-- THE DATA follows --

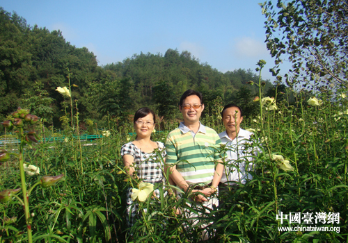 李樹(shù)金陪同縣臺(tái)聯(lián)副會(huì)長(zhǎng)胡遼云在三陽(yáng)黃蜀葵種植基地看長(zhǎng)勢(shì)。(圖片來(lái)源:歙縣臺(tái)辦)
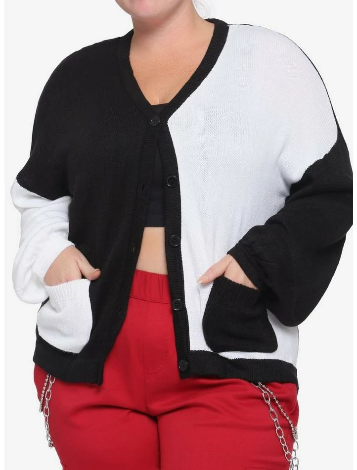 Divided on what to wear? If you’re of two minds, get yourself a cardigan that caters to both! This black and white cardigan features a button front and pockets as well as a black and white split, color-blocked design.
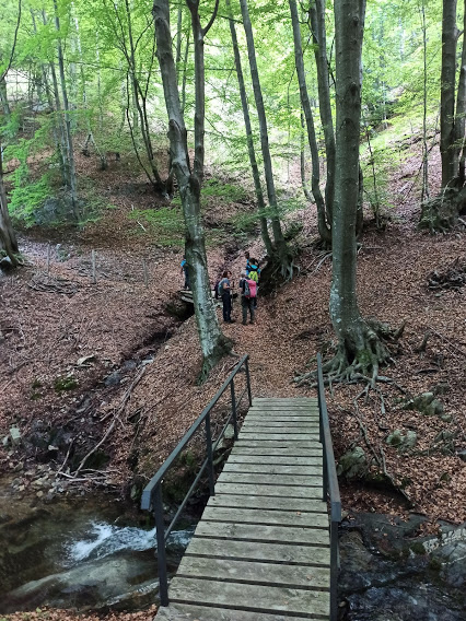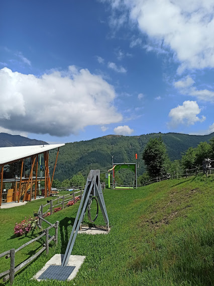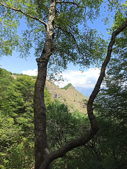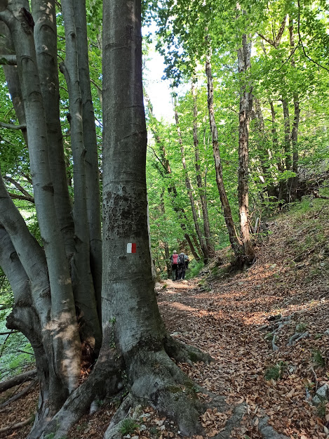 A Case Capelli lasciamo brevemente la strada per una scorciatoia che ci riporta più in alto sull’asfalto, dopo aver attraversato, per gentile concessione del proprietario, un cantiere edile privato. Un’altra brevissima scorciatoia prima di Gabbio e, passando da La Colma e da Corte Giovanoli, arriviamo alla stazione di valle della zipline che scende da Pian d’Arla qui all’Alpe Segletta, in realtà un paesino (circa mezz’ora). Siamo a quota 1000 e ci guardiamo intorno con calma. Un altro pezzo di strada lungo le case e, al primo tornante, imbocchiamo una sterrata pianeggiante, sempre verso nord est, che entra poco dopo in una bellissima faggeta. Il sentiero è indicato come R15a. Passiamo da località Comuni, 1047, e, poco oltre, scendiamo ad attraversare, su un comodo ponticello, il torrentello che scende da Piancavallo.

-- THE DATA concluded --

__INSTRUCTIONS FOR THE TASK__. Line by line and exactly, write out the material above. Skip the pictures.

__EXERCISE RESULT__.
 李樹(shù)金陪同縣臺(tái)聯(lián)副會(huì)長(zhǎng)胡遼云在三陽(yáng)黃蜀葵種植基地看長(zhǎng)勢(shì)。(圖片來(lái)源:歙縣臺(tái)辦)
 Divided on what to wear? If you’re of two minds, get yourself a cardigan that caters to both! This black and white cardigan features a button front and pockets as well as a black and white split, color-blocked design.
 A Case Capelli lasciamo brevemente la strada per una scorciatoia che ci riporta più in alto sull’asfalto, dopo aver attraversato, per gentile concessione del proprietario, un cantiere edile privato. Un’altra brevissima scorciatoia prima di Gabbio e, passando da La Colma e da Corte Giovanoli, arriviamo alla stazione di valle della zipline che scende da Pian d’Arla qui all’Alpe Segletta, in realtà un paesino (circa mezz’ora). Siamo a quota 1000 e ci guardiamo intorno con calma. Un altro pezzo di strada lungo le case e, al primo tornante, imbocchiamo una sterrata pianeggiante, sempre verso nord est, che entra poco dopo in una bellissima faggeta. Il sentiero è indicato come R15a. Passiamo da località Comuni, 1047, e, poco oltre, scendiamo ad attraversare, su un comodo ponticello, il torrentello che scende da Piancavallo.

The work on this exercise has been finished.